- _WHAT THE EXERCISE ASKS_
Among the records below, find the line that has "Water, Electric, Fifty"; from there, give the lines again exactly, and stop after the line that has "数据中心的存储承载的是千行百".

- _DATA FOR PROCESSING_
=======
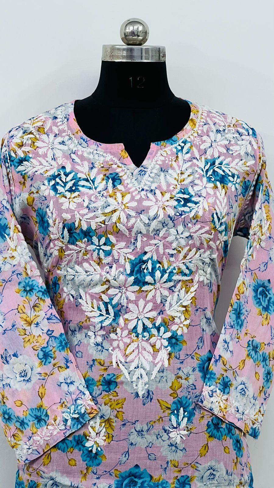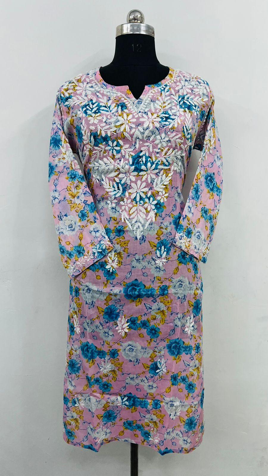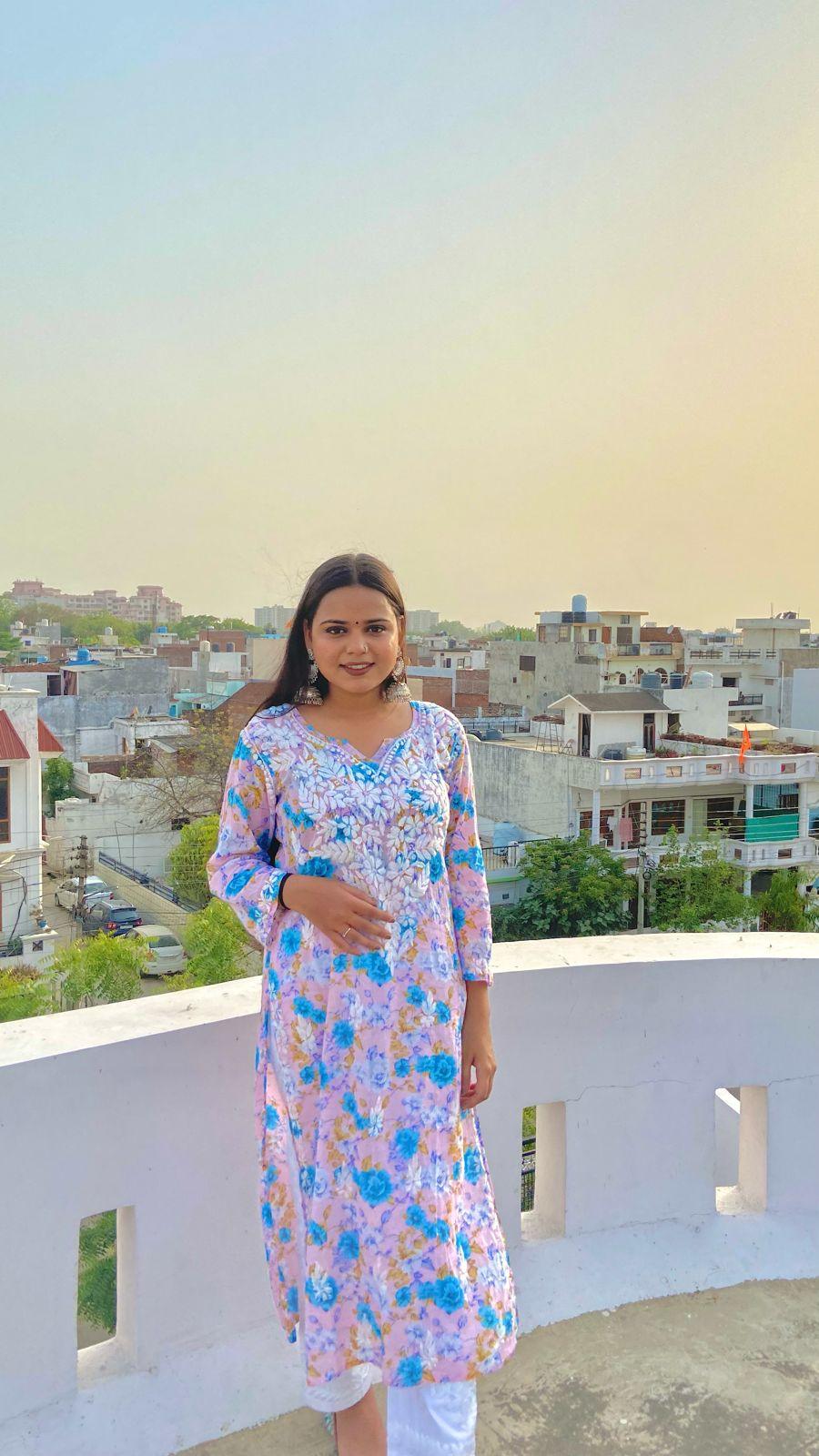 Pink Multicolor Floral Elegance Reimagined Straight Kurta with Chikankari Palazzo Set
=======
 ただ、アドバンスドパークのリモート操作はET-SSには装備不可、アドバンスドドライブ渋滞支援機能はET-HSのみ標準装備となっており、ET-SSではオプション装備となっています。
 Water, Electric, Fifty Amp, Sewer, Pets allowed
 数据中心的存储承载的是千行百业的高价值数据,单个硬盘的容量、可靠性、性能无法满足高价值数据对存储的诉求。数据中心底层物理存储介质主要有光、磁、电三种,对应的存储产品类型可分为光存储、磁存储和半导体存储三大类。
=======
- _OUTPUT BELOW_
 Water, Electric, Fifty Amp, Sewer, Pets allowed
 数据中心的存储承载的是千行百业的高价值数据,单个硬盘的容量、可靠性、性能无法满足高价值数据对存储的诉求。数据中心底层物理存储介质主要有光、磁、电三种,对应的存储产品类型可分为光存储、磁存储和半导体存储三大类。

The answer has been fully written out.